--- Instructions for the task ---
For this exercise, copy the records below exactly and exclude every image.

Saved entries
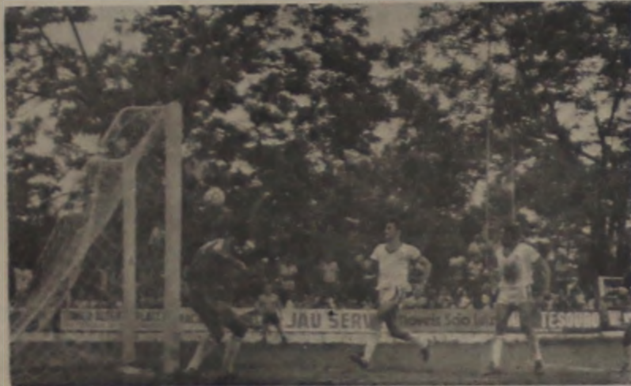
Marin exigiu ampliações para que o "Bregão" comporte 5 mil torcedores

Por determinação do presidente da Federação Paulista de Futebol, Lençóis Paulista corre o risco de mais uma vez ver o seu time em condições de inferioridade. Na semana passada o clube recebeu o ofício assinado por José Maria Marin, que exige a ampliação do estádio local dos atuais 1670 para nada menos que 5 mil lugares, além de outras obras, para que o nosso clube possa permanecer disputando a 2.ª divisão. E o pior de tudo é que — como quem desconhece o tempo que duraria uma obra dessa natureza —, o sr. Marin está exigindo que tudo esteja pronto até o próximo dia 7, isto é, amanhã. Caso contrário o time estará fora.
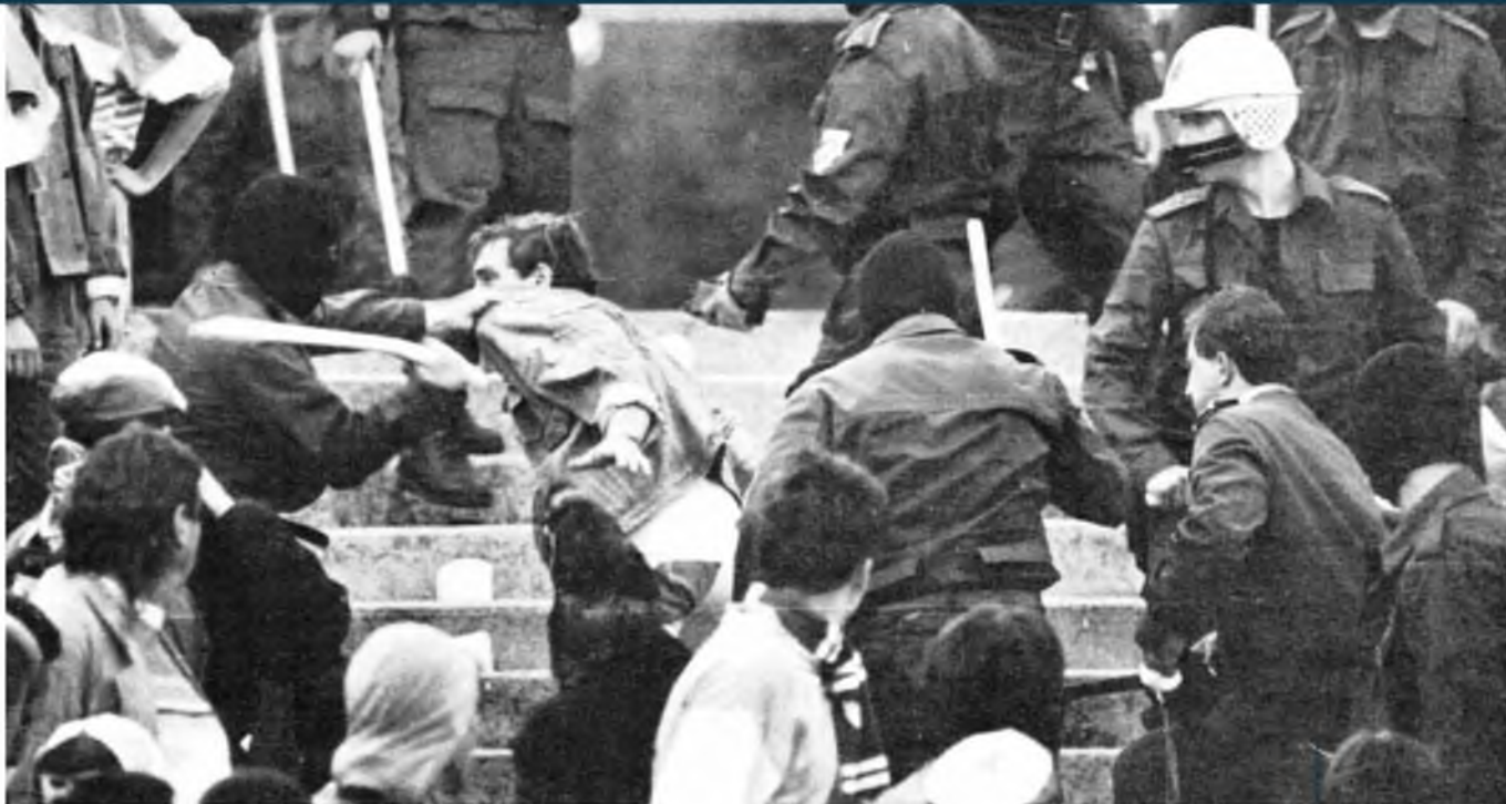
A felvétel nyilvánvalóan rendőri túlkapásról tanúskodik
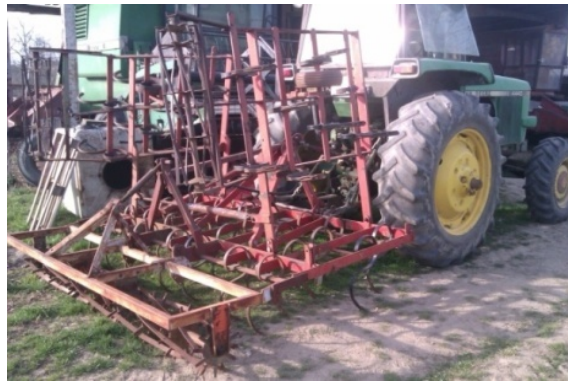
Slika 1. Kultivator OPG „Matinac Josip“
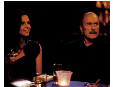
2002 ASSASSINATION TANGO de Robert Duvall avec Lucia Pedraza
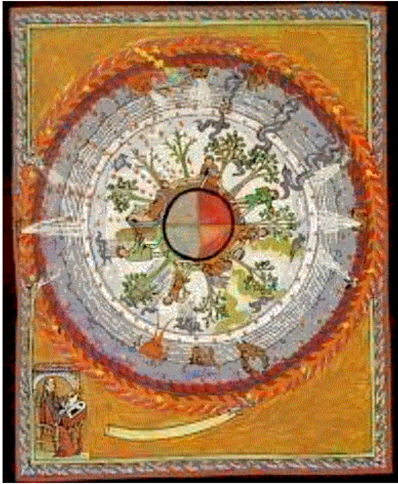
L'arbre cosmique : vision d'Hildegarde Von Bingen
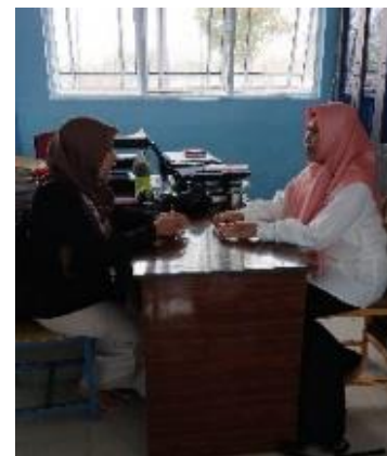
Gambar 1. Konsultasi dengan Pihak Sekolah
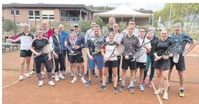
Teilnehmer Saisonabschluss 2025

Am Abschluss des Nachmittages wurden dann die Sieger des Tages, aber auch die der zurückliegenden Vereinsmeisterschaft geehrt. Nach den Ehrungen klang der Tag mit einem gemütlichen Zusammensein aus. Dabei wurden noch viele Anekdoten erzählt, neue Ideen ausgetauscht und neue Pläne geschmiedet. So gingen schließlich alle mit der Erinnerung an viele schöne Stunden auf dem Tennisplatz und noch mehr neuen Ideen und Plänen für die kommende Saison nach
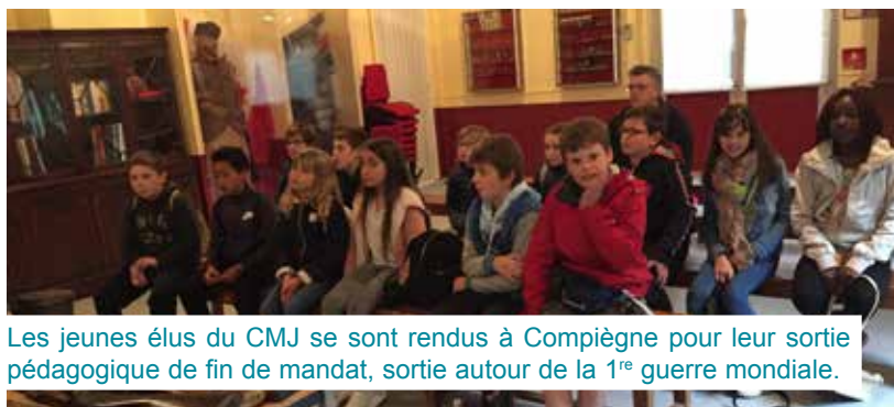
Les jeunes élus du CMJ se sont rendus à Compiègne pour leur sortie pédagogique de fin de mandat, sortie autour de la 1 re guerre mondiale.
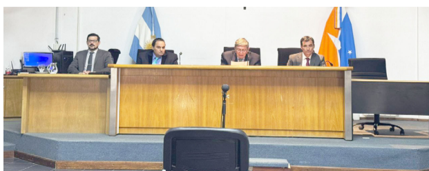
Sujeto llega a debate oral en Ushuaia por el abuso sexual de su hija biológica.

Ushuaia. - El hombre está acusado de haber abusado sexualmente, en un número indeterminado de oportunidades, de la hija de quien fuera su pareja (de 16
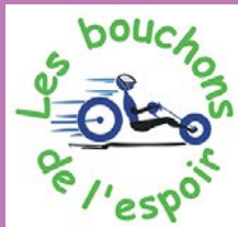
Participer une action solidaire : collecte de bouchons
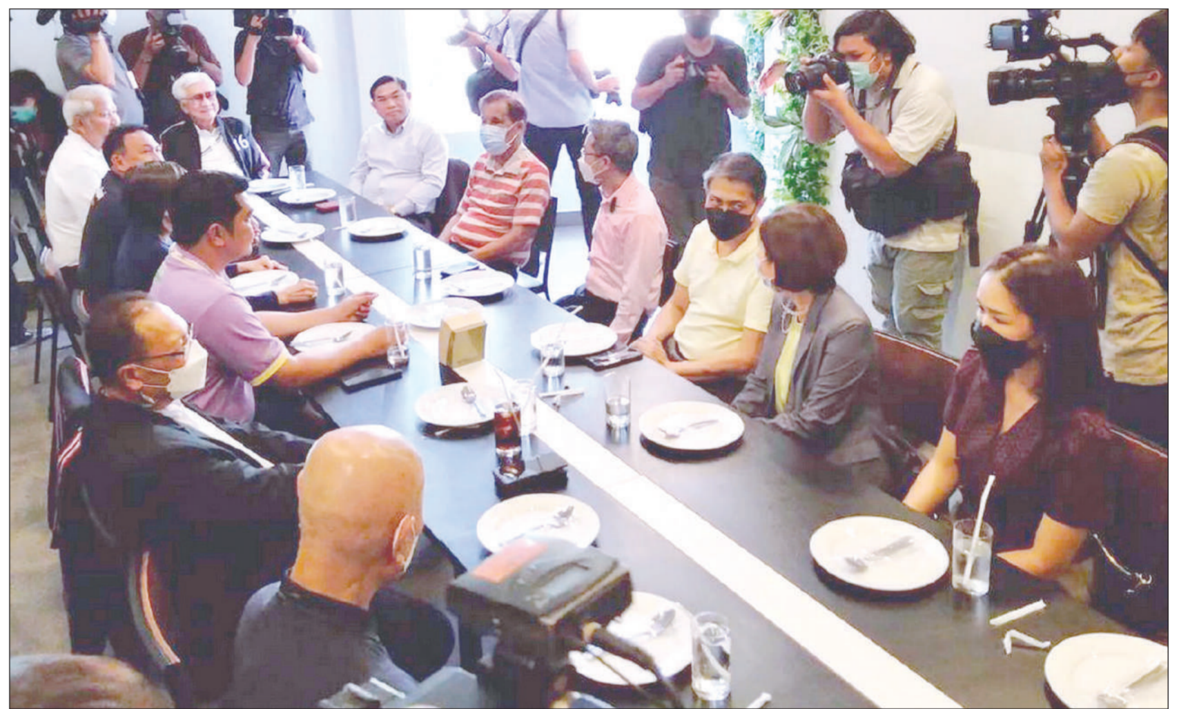
กลุ่ม 16 นั่งรับประทานอาหารเย็นร่วมกันที่ร้านอาหารเพลิน ถ.วิภาวดีฯ เพื่อหารือถึงทิศทางในการลงมติอภิปรายไม่ไว้วางใจ หลังจากเดินทางเข้าพบ พล.อ.ประวิตร วงษ์สุวรรณ รองนายกรัฐมนตรี และหัวหน้าพรรคพลังประชารัฐ (พปชร.) ที่มูลนิธิปรายต่อฯ เมื่อช่วงเย็นวันอาทิตย์ที่ 17 กรกฎาคม 2565
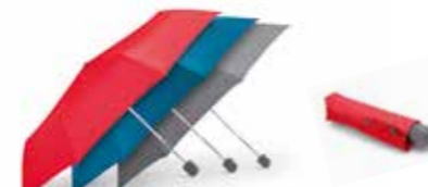
PARAPLUIE PLIANT MINI SIGNET

Gris, corail, Island 80 27 2460886-88 480 x 12 x 12 cm
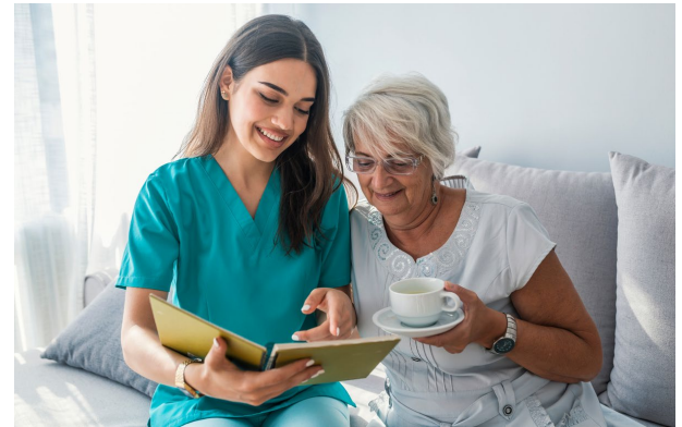
Thực hiện chăm sóc
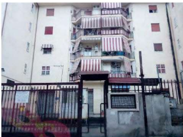
Ingresso del Parco Bonifico

L'appartamento dispone di affacci sul lato Nord, Est ed Ovest, tutti prospicienti l'area scoperta comune del complesso immobiliare "Parco Bonifico". Tutti i vani sono dotati di vani finestra di adeguate dimensioni, per cui l'esposizione dell'appartamento può definirsi buona.
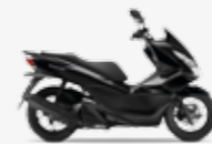
Pearl Nightstar Black
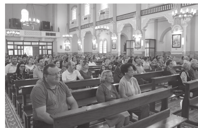
Secretários municipais participaram da celebração que marcou 95 anos de CM

dia 1ª, às 21h, na praça Monsenhor David, no centro da cidade. A abertura do campeonato interno de futebol de salão da escolinha do município foi transferida para esta quinta-feira, dia 1ª, às 19h, no ginásio poliesportivo 'Hamilton Scapim'.
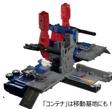
「コンテナ」は移動基地にも！
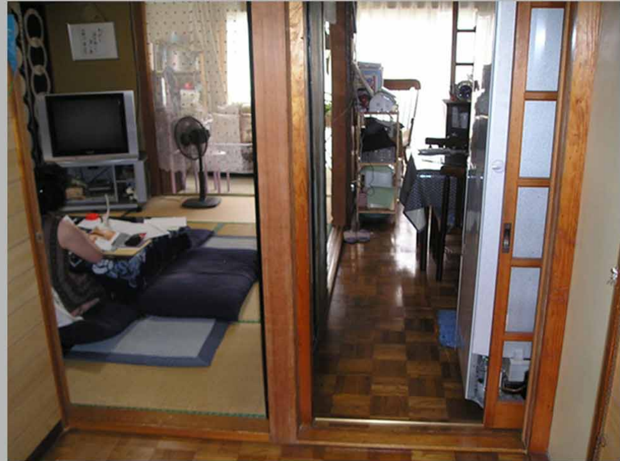
↑柱左側：和室 柱右側：台所
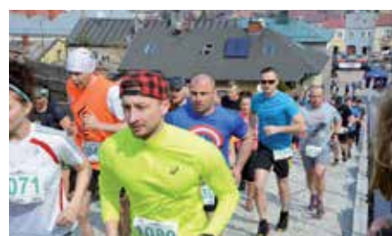
Cross Run w Chęcinach
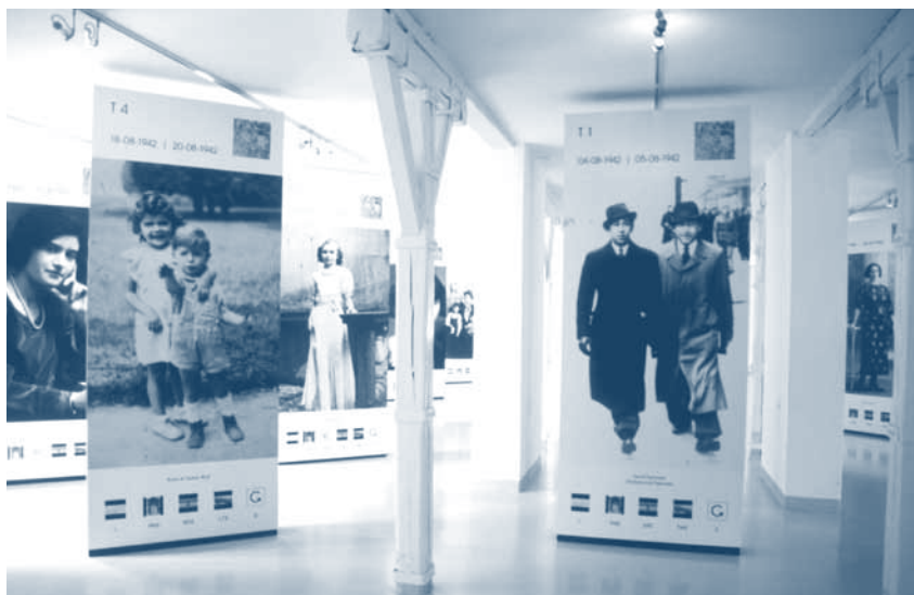
↑ Belgisch paviljoen (vernieuwde opstelling). Auschwitz I. Oktober 2007.

In deze status quaestionis, die slechts een voorlopige schets is over pedagogische reizen naar Auschwitz in het bijzonder en over herinneringsreizen in het algemeen, lijkt het me nodig om een fundamentele dimensie te vermelden waarmee elke bezoeker te maken krijgt en die bovendien de lesgevers – of meer in het algemeen de begeleiders – in verlegenheid brengt. De dimensie waarover ik het heb is die van de emotie. Over het grootste kerkhof ter wereld lopen, stelt iemand bloot aan emoties, zelfs wanneer men zelf geen familielid heeft dat er heeft geleden of er dood heeft gevonden. Maar misschien moet men zich in het kader van deze reizen afvragen hoe de emotie zich verhoudt tot de verklarende rede, tot de wil om te begrijpen; hoe de emotie als vehikel dient om een stuk kennis beter te assimileren en zich toe te eigenen, hoe zij de band tussen het zelf en datgene waarmee het in verband treedt, in casu Auschwitz, creëert of nog versterkt. Uiteraard zullen de critici van de emotie, die de critici van dergelijke reizen in het algemeen vaak bijtreden, betogen dat de emotie het begripsvermogen ondermijnt en de rede kortsluit. Of deze kritiek niet meer is dan een mening, dan wel gebaseerd is op kennis die de retoriek ons gebracht heeft, het is in elk geval juist dat emotie in sommige omstandigheden nefast kan zijn om

--- Reply to the exercise ---
Marin exigiu ampliações para que o "Bregão" comporte 5 mil torcedores

Por determinação do presidente da Federação Paulista de Futebol, Lençóis Paulista corre o risco de mais uma vez ver o seu time em condições de inferioridade. Na semana passada o clube recebeu o ofício assinado por José Maria Marin, que exige a ampliação do estádio local dos atuais 1670 para nada menos que 5 mil lugares, além de outras obras, para que o nosso clube possa permanecer disputando a 2.ª divisão. E o pior de tudo é que — como quem desconhece o tempo que duraria uma obra dessa natureza —, o sr. Marin está exigindo que tudo esteja pronto até o próximo dia 7, isto é, amanhã. Caso contrário o time estará fora.
A felvétel nyilvánvalóan rendőri túlkapásról tanúskodik
Slika 1. Kultivator OPG „Matinac Josip“
2002 ASSASSINATION TANGO de Robert Duvall avec Lucia Pedraza
L'arbre cosmique : vision d'Hildegarde Von Bingen
Gambar 1. Konsultasi dengan Pihak Sekolah
Teilnehmer Saisonabschluss 2025

Am Abschluss des Nachmittages wurden dann die Sieger des Tages, aber auch die der zurückliegenden Vereinsmeisterschaft geehrt. Nach den Ehrungen klang der Tag mit einem gemütlichen Zusammensein aus. Dabei wurden noch viele Anekdoten erzählt, neue Ideen ausgetauscht und neue Pläne geschmiedet. So gingen schließlich alle mit der Erinnerung an viele schöne Stunden auf dem Tennisplatz und noch mehr neuen Ideen und Plänen für die kommende Saison nach
Les jeunes élus du CMJ se sont rendus à Compiègne pour leur sortie pédagogique de fin de mandat, sortie autour de la 1 re guerre mondiale.
Sujeto llega a debate oral en Ushuaia por el abuso sexual de su hija biológica.

Ushuaia. - El hombre está acusado de haber abusado sexualmente, en un número indeterminado de oportunidades, de la hija de quien fuera su pareja (de 16
Participer une action solidaire : collecte de bouchons
กลุ่ม 16 นั่งรับประทานอาหารเย็นร่วมกันที่ร้านอาหารเพลิน ถ.วิภาวดีฯ เพื่อหารือถึงทิศทางในการลงมติอภิปรายไม่ไว้วางใจ หลังจากเดินทางเข้าพบ พล.อ.ประวิตร วงษ์สุวรรณ รองนายกรัฐมนตรี และหัวหน้าพรรคพลังประชารัฐ (พปชร.) ที่มูลนิธิปรายต่อฯ เมื่อช่วงเย็นวันอาทิตย์ที่ 17 กรกฎาคม 2565
PARAPLUIE PLIANT MINI SIGNET

Gris, corail, Island 80 27 2460886-88 480 x 12 x 12 cm
Thực hiện chăm sóc
Ingresso del Parco Bonifico

L'appartamento dispone di affacci sul lato Nord, Est ed Ovest, tutti prospicienti l'area scoperta comune del complesso immobiliare "Parco Bonifico". Tutti i vani sono dotati di vani finestra di adeguate dimensioni, per cui l'esposizione dell'appartamento può definirsi buona.
Pearl Nightstar Black
Secretários municipais participaram da celebração que marcou 95 anos de CM

dia 1ª, às 21h, na praça Monsenhor David, no centro da cidade. A abertura do campeonato interno de futebol de salão da escolinha do município foi transferida para esta quinta-feira, dia 1ª, às 19h, no ginásio poliesportivo 'Hamilton Scapim'.
「コンテナ」は移動基地にも！
↑柱左側：和室 柱右側：台所
Cross Run w Chęcinach
↑ Belgisch paviljoen (vernieuwde opstelling). Auschwitz I. Oktober 2007.

In deze status quaestionis, die slechts een voorlopige schets is over pedagogische reizen naar Auschwitz in het bijzonder en over herinneringsreizen in het algemeen, lijkt het me nodig om een fundamentele dimensie te vermelden waarmee elke bezoeker te maken krijgt en die bovendien de lesgevers – of meer in het algemeen de begeleiders – in verlegenheid brengt. De dimensie waarover ik het heb is die van de emotie. Over het grootste kerkhof ter wereld lopen, stelt iemand bloot aan emoties, zelfs wanneer men zelf geen familielid heeft dat er heeft geleden of er dood heeft gevonden. Maar misschien moet men zich in het kader van deze reizen afvragen hoe de emotie zich verhoudt tot de verklarende rede, tot de wil om te begrijpen; hoe de emotie als vehikel dient om een stuk kennis beter te assimileren en zich toe te eigenen, hoe zij de band tussen het zelf en datgene waarmee het in verband treedt, in casu Auschwitz, creëert of nog versterkt. Uiteraard zullen de critici van de emotie, die de critici van dergelijke reizen in het algemeen vaak bijtreden, betogen dat de emotie het begripsvermogen ondermijnt en de rede kortsluit. Of deze kritiek niet meer is dan een mening, dan wel gebaseerd is op kennis die de retoriek ons gebracht heeft, het is in elk geval juist dat emotie in sommige omstandigheden nefast kan zijn om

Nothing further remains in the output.